I have been reading newspapers since I was about 14 years old. Over the past 40 years I have read one constant complaint in the court pages, the issue of lost files. I do not know what file storage and retrieval equipment was available to the prosecutor’s office 40 years ago, but how is it possible that in 2018, files can still go missing?
Why can’t the files be stored on a computer, or on an external hard-drive if security is a concern. Why can’t they be updated as necessary as the case is investigated, and then simply printed when needed by the court. How can files go missing in 2018?
The real question is: why is the prosecutor’s office so badly managed that files can go missing in 2018. Even if the police reports are handwritten, and photographs are developed on photographic paper, these documents can easily be scanned into a computer.

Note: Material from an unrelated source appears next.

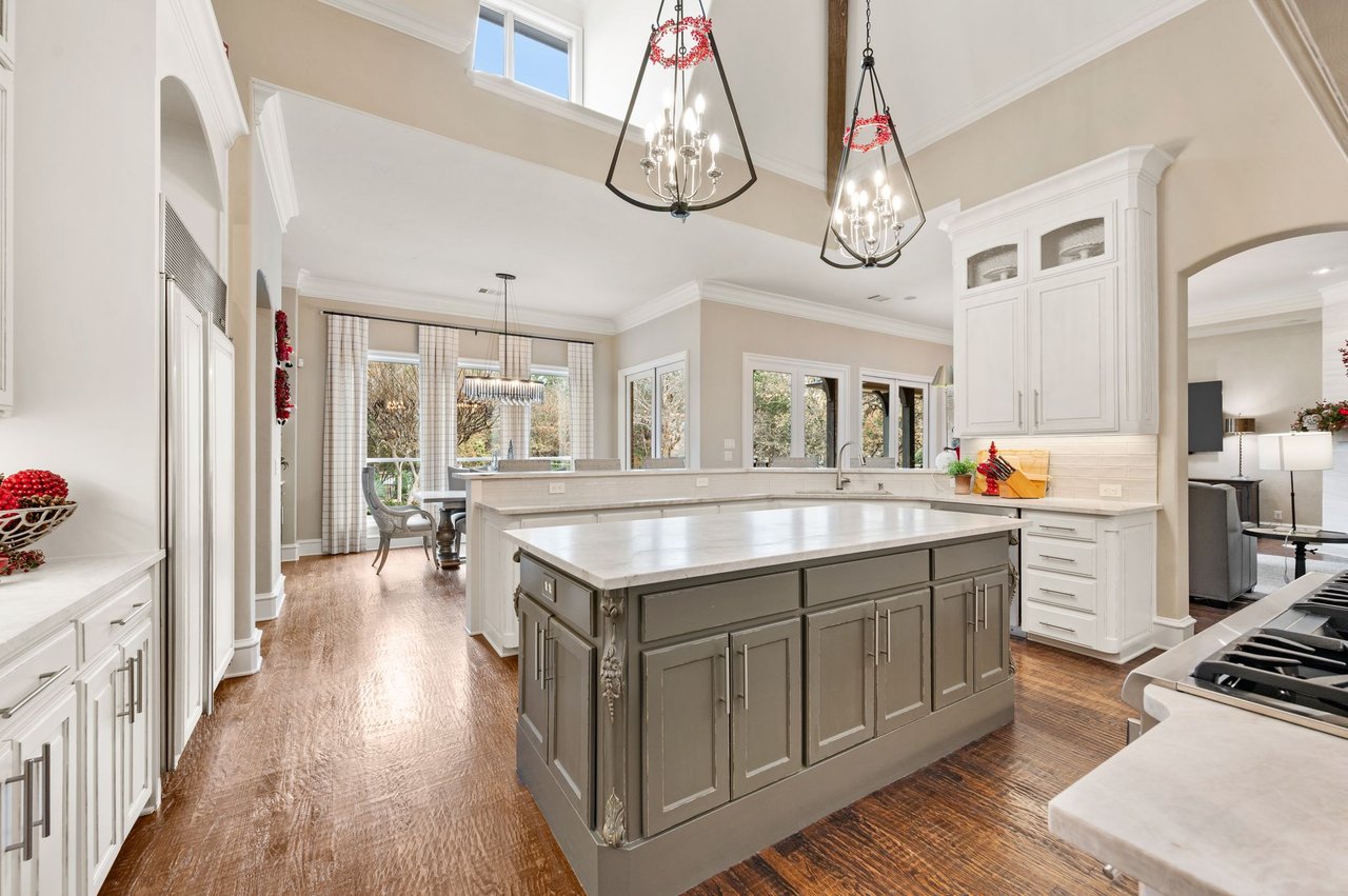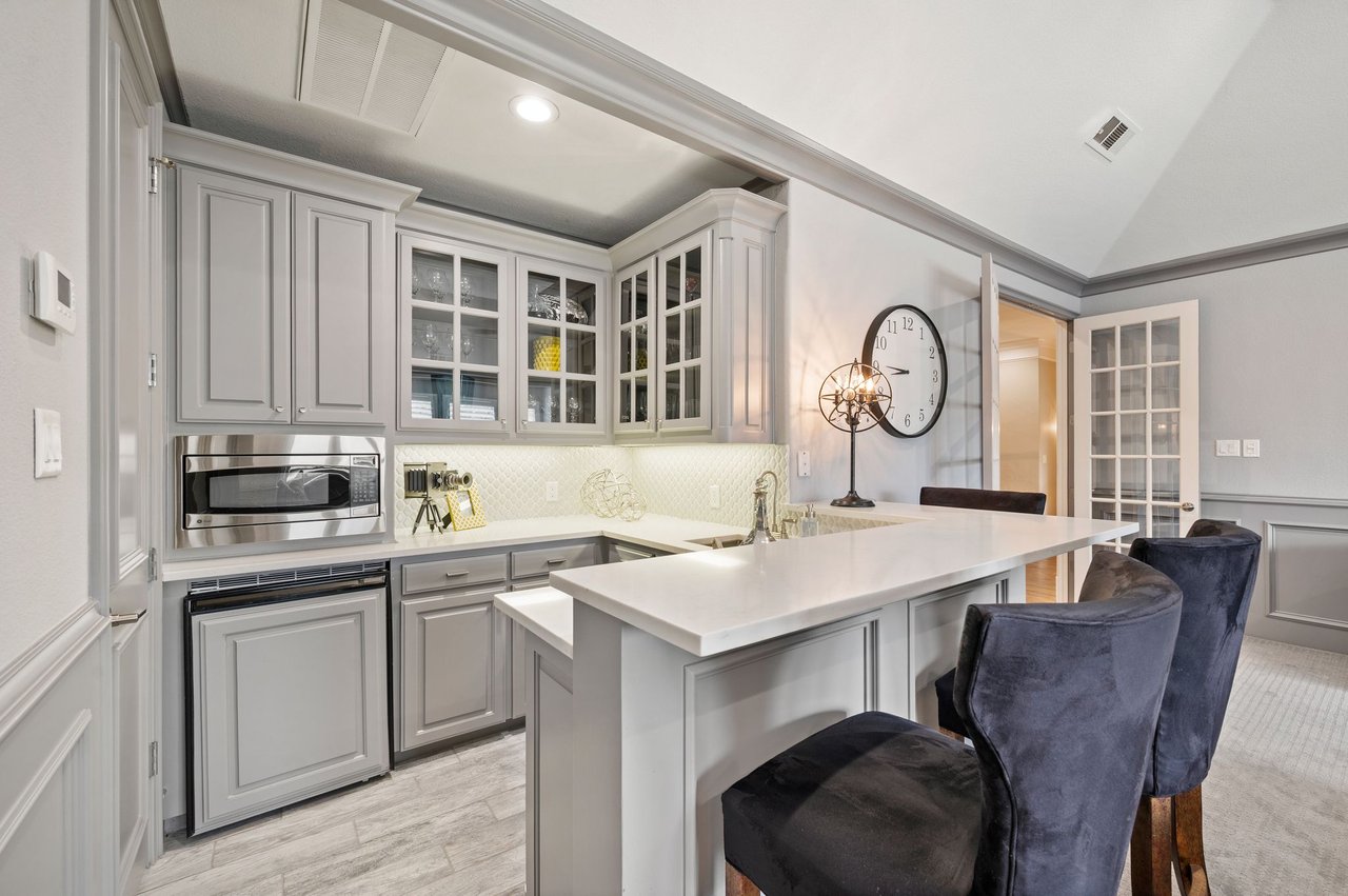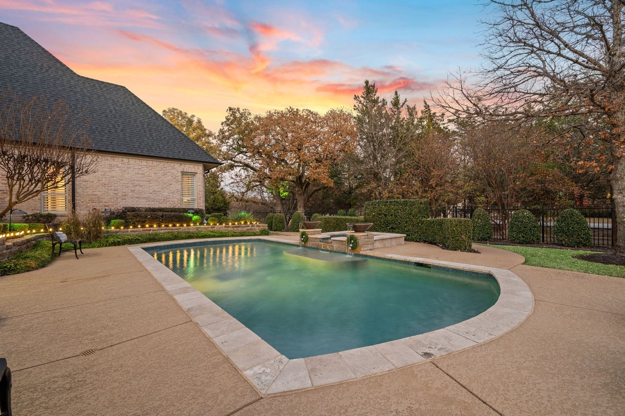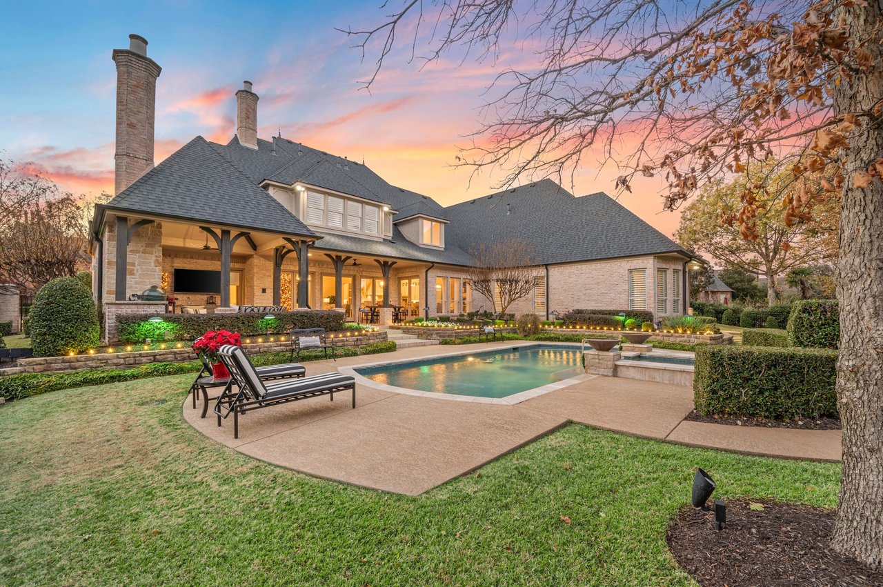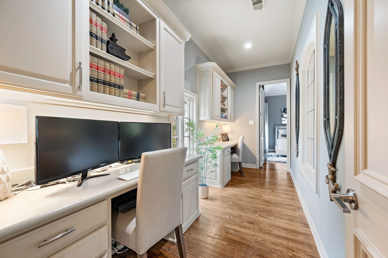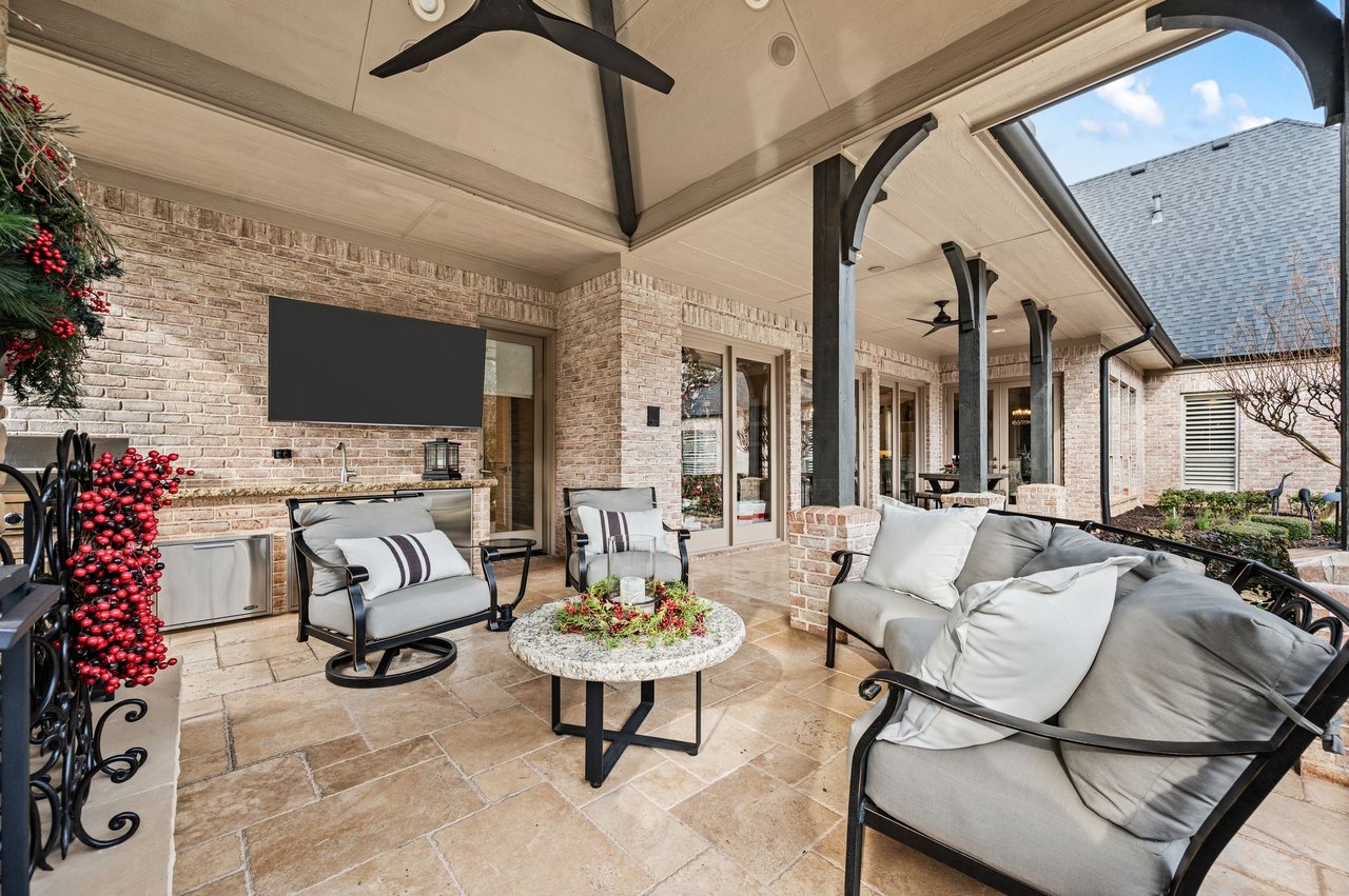 You won’t want to miss this exceptional home in sought-after Westmont, ideally located next to a green space for added privacy. Step inside to soaring ceilings, a stunning spiral staircase & hardwood floors throughout. The home features a well-appointed executive office accented by elegant French doors & a generous closet, cabinet storage & built in shelving. The striking rotunda provides an ideal setting for a conference table & is surrounded by windows that flood the space with natural light. Thoughtfully designed for hosting, the home features Control4 and Sonos control systems & a dedicated lounge with an integrated self-service wine station & kegerator. The inviting living room with a decorative fireplace opens to a dramatic two-story, chef-caliber kitchen complemented by a Juliet balcony overlooking the space. Features include premium Sub Zero & Thermador appliances, Taj Mahal quartzite countertops, a gas cooktop, extensive built-in cabinets & counter space. Beyond the kitchen is the mud room featuring a built-in desk and a dedicated custom cabinet for gift wrapping & craft organization. The primary suite is conveniently located on the main level & features a Hollywood tub, a huge walk-in closet with built-in storage & a custom shoe wall with 124 shoe bin capacity. A guest suite is also conveniently located downstairs with access to the covered patio. Upstairs, you’ll find three bedrooms, each with its own ensuite bathrooms highlighted by walk-in closets. A spacious game room features a wet bar that flows to the media room. Two of the upstairs bedrooms are connected by a versatile flex space with built-in desks & cabinetry, perfect for studying or additional office spaces. Step outside to your private backyard oasis, highlighted by a sparkling pool with a spa & water feature. While the well-appointed outdoor kitchen & living area provides endless entertainment featuring an outdoor fireplace & ample space for seating & dining.

If the prosecutor’s office does not have a scanner, then there are cheap scan apps on smartphones that can do an acceptable job. I do not understand how files can go missing in 2018. It simply makes no rational sense.
Even if the physical file was misplaced, or removed, the digital copy on the computer, or stored on the Internet, can be accessed, printed and taken to court. How can any prosecutor stand up in court in 2018, and give the inexcusable excuse that the file is missing? It takes significantly more effort to actually lose a file, than to store it on a computer and print it when it is needed. How is this excuse even tolerated in our courts?
Since the obvious problem is one of poor management, the prosecutor’s office needs to implement the international customer-focused management standard, ISO 9001, with dispatch. The customers of the court may be languishing at HMP Dodds Prison on remand for years, while perhaps the simplest of all court problems remains unsolvable by those responsible for solving crimes.
The implementation of the ISO 9001 quality management standard across all government services, will signal the end of the: lost documents, long time-wasting lines, wasted supplies, unproductivity, inefficiency, and the high cost of doing business with the Government of Barbados. A Solutions Barbados administration is committed to implementing this customer-focused management system immediately upon taking office, for the benefit of us all.
Clearly, losing files for at least 40 years, when the solution is so easily affordable and within easy reach, with almost no effort required to effectively address this simple matter, has to rank as one of the highest forms of mismanagement imaginable. Can somebody please do their job?